(THE TASK):
Retyped exactly and without pictures, the lines from the one with "Berühren Sie nacheinander" through the end of the listing must form the entire answer.

··· DATA PROVIDED ···

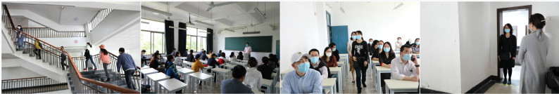 场景二中启动了教学区网格管理方案,演练学生上课、学生上厕所等管理。在上课过程中,5号班级发现1名学生体温异常,上课老师报告学院负责学生工作领导,最后报至学校疫情防控工作领导小组,并启动紧急预案。异常人员与其他人员保持安全距离,由辅导员带至学校医务室,医务人员测量体温后决定处置方法。该班级其他人员暂留原地,等待应急预案演练结束。
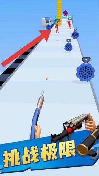 2、畫面中有玩家操控的武器,前方道路上分布著藍色齒輪狀陷阱,還有紅色小人敵人,展現(xiàn)出玩家需在跑酷過程中躲避陷阱、射擊敵人來挑戰(zhàn)極限的玩法。
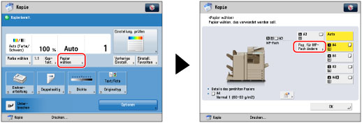 Berühren Sie nacheinander die Tasten [Papier wählen] → [Pap. für MP-Fach ändern].
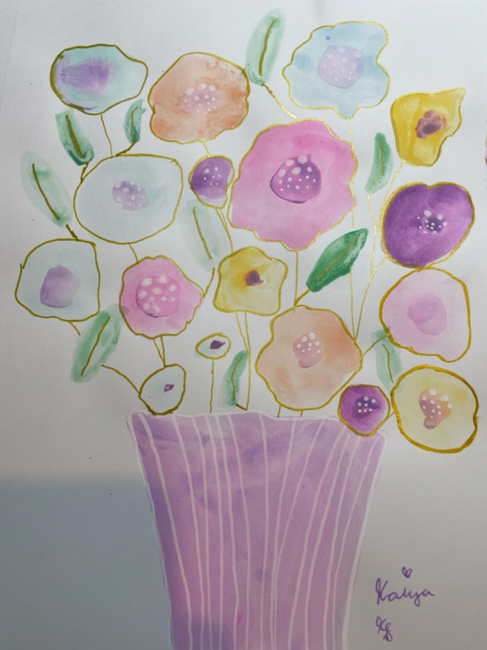 For our first foray into watercolor & pens, we tackled a simple vase of flowers in a vase. The design of the flowers is flat, but they are enhanced with lines made by Posca paint pens — gold lines around the flowers, and white lines on the vase, plus white dots in the floral centers.

···

(RESPONSE BOX):
 Berühren Sie nacheinander die Tasten [Papier wählen] → [Pap. für MP-Fach ändern].
 For our first foray into watercolor & pens, we tackled a simple vase of flowers in a vase. The design of the flowers is flat, but they are enhanced with lines made by Posca paint pens — gold lines around the flowers, and white lines on the vase, plus white dots in the floral centers.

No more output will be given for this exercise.